TASK DETAILS
For this exercise, retype all the data exactly and exclude every image.

DATASET EXTRACT Start Marker

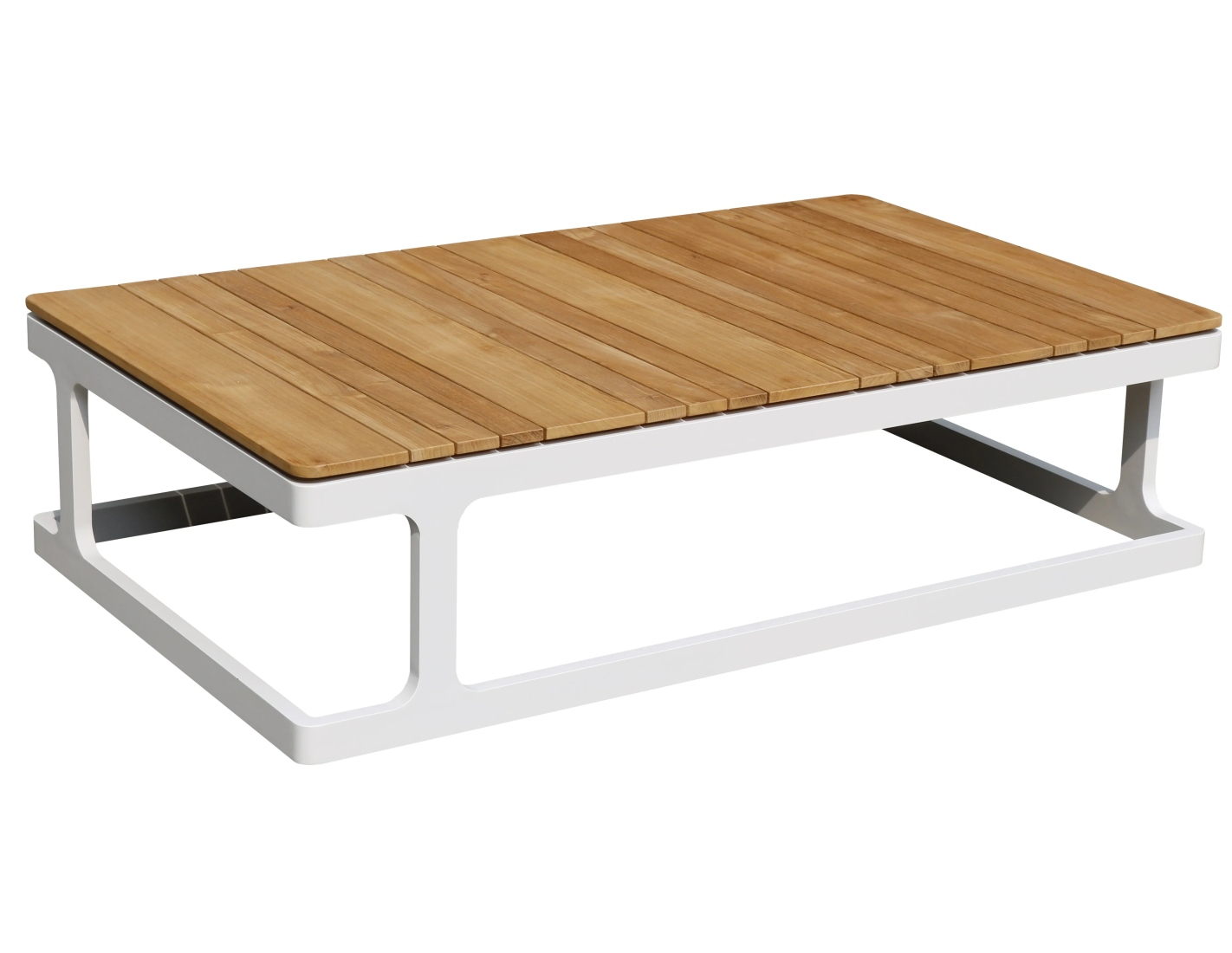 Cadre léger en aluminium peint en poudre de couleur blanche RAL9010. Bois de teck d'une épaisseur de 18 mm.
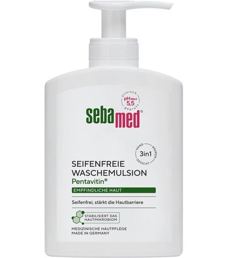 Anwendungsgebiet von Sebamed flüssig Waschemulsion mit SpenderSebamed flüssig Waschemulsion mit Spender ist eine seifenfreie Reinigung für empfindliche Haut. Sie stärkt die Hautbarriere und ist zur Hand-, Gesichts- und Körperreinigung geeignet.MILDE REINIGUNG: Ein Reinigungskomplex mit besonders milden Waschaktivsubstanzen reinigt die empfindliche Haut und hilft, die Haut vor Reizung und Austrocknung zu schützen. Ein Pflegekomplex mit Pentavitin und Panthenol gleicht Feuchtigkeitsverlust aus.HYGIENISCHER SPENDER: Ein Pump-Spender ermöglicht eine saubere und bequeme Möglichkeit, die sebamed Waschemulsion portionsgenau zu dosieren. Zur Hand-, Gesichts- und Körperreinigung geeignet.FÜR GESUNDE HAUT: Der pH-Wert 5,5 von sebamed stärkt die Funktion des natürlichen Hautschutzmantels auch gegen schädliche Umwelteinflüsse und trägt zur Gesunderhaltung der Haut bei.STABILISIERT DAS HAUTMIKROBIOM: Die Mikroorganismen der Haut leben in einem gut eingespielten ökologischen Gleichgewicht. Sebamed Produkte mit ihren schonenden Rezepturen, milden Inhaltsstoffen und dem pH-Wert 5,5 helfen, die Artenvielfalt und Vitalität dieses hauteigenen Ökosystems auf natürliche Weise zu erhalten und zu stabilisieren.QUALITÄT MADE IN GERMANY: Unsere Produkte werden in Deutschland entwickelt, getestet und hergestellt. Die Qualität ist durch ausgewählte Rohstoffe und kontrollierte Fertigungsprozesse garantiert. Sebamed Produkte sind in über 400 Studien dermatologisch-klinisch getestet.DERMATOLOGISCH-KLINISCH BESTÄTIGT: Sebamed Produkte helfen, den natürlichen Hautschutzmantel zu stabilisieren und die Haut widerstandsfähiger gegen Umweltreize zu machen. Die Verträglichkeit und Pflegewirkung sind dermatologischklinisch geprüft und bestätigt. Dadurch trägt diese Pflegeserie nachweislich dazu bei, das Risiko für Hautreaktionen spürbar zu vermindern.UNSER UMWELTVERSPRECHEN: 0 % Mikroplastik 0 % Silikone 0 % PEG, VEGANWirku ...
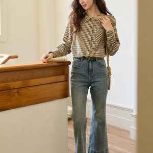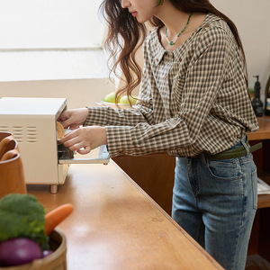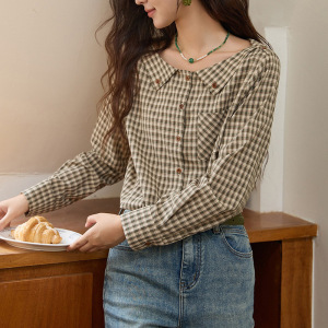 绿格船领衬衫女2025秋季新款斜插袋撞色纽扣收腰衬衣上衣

DATASET EXTRACT End Marker

YOUR SOLUTION
 Cadre léger en aluminium peint en poudre de couleur blanche RAL9010. Bois de teck d'une épaisseur de 18 mm.
 Anwendungsgebiet von Sebamed flüssig Waschemulsion mit SpenderSebamed flüssig Waschemulsion mit Spender ist eine seifenfreie Reinigung für empfindliche Haut. Sie stärkt die Hautbarriere und ist zur Hand-, Gesichts- und Körperreinigung geeignet.MILDE REINIGUNG: Ein Reinigungskomplex mit besonders milden Waschaktivsubstanzen reinigt die empfindliche Haut und hilft, die Haut vor Reizung und Austrocknung zu schützen. Ein Pflegekomplex mit Pentavitin und Panthenol gleicht Feuchtigkeitsverlust aus.HYGIENISCHER SPENDER: Ein Pump-Spender ermöglicht eine saubere und bequeme Möglichkeit, die sebamed Waschemulsion portionsgenau zu dosieren. Zur Hand-, Gesichts- und Körperreinigung geeignet.FÜR GESUNDE HAUT: Der pH-Wert 5,5 von sebamed stärkt die Funktion des natürlichen Hautschutzmantels auch gegen schädliche Umwelteinflüsse und trägt zur Gesunderhaltung der Haut bei.STABILISIERT DAS HAUTMIKROBIOM: Die Mikroorganismen der Haut leben in einem gut eingespielten ökologischen Gleichgewicht. Sebamed Produkte mit ihren schonenden Rezepturen, milden Inhaltsstoffen und dem pH-Wert 5,5 helfen, die Artenvielfalt und Vitalität dieses hauteigenen Ökosystems auf natürliche Weise zu erhalten und zu stabilisieren.QUALITÄT MADE IN GERMANY: Unsere Produkte werden in Deutschland entwickelt, getestet und hergestellt. Die Qualität ist durch ausgewählte Rohstoffe und kontrollierte Fertigungsprozesse garantiert. Sebamed Produkte sind in über 400 Studien dermatologisch-klinisch getestet.DERMATOLOGISCH-KLINISCH BESTÄTIGT: Sebamed Produkte helfen, den natürlichen Hautschutzmantel zu stabilisieren und die Haut widerstandsfähiger gegen Umweltreize zu machen. Die Verträglichkeit und Pflegewirkung sind dermatologischklinisch geprüft und bestätigt. Dadurch trägt diese Pflegeserie nachweislich dazu bei, das Risiko für Hautreaktionen spürbar zu vermindern.UNSER UMWELTVERSPRECHEN: 0 % Mikroplastik 0 % Silikone 0 % PEG, VEGANWirku ...
 绿格船领衬衫女2025秋季新款斜插袋撞色纽扣收腰衬衣上衣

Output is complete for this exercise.